Documenti di Didattica
Documenti di Professioni
Documenti di Cultura
BIG DATA
SWASTIKAA MOUDGIL, JAGREET KAUR
Computer Science and Engineering Department, Chandigarh College Of Engineering and Technology Sector26,
Chandigarh, 160019, India, Panjab University
Computer Science and Engineering Department, Chandigarh College Of Engineering and Technology Sector26,
Chandigarh, 160019, India, Panjab University
Abstract -- Big Data is an all encompassing term for any collection of datasets so large and complex that it becomes
difficult to process them using traditional data processing applications. It has been defined as per 3V Model (Volume,
Velocity, Variety).Big Data has found applications in Science, Government sector, Climate Control, Private sector etc.

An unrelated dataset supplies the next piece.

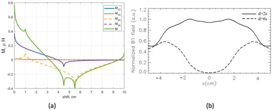 First, let us consider two identical rFO8 coils with sizes cm, cm, and cm. Since the two constitutive loops of each coil have equal size and we will refer to them as symmetric rFO8. The mutual inductances among the loops, as well as the total mutual inductance among the rFO8 coils, are reported in Figure 6. We observe that can be obtained when cm. The result demonstrates that decoupling can be obtained for two identical and symmetric rFO8 coils, but its practical applicability is questionable. The reason is that when , the central current elements of the two rFO8 coils are quite distant and the RF field sensitivity profile along the x-axis develops a void, making the whole system of little use for MRI applications. An example is reported in Figure 6b, showing an acceptable magnetic field B1 distribution in the central ROI (z = 10 cm) along the transverse x-direction for d = 2s = 2 cm, while a broad void is present at the center for d = 6s = 6 cm.

Currently, Big Data is being worked on by companies like Microsoft under their Microsoft Research(MSR),IBM and Apple
in collaboration on Ios application Mobile First and many more. It has increased demand of information specialists in
projects like Oracle, Dell, IBM etc .Hence, the management of exponentially increasing data, intelligent use of this
heterogeneous data is becoming a prime concern for the complete industrial sector.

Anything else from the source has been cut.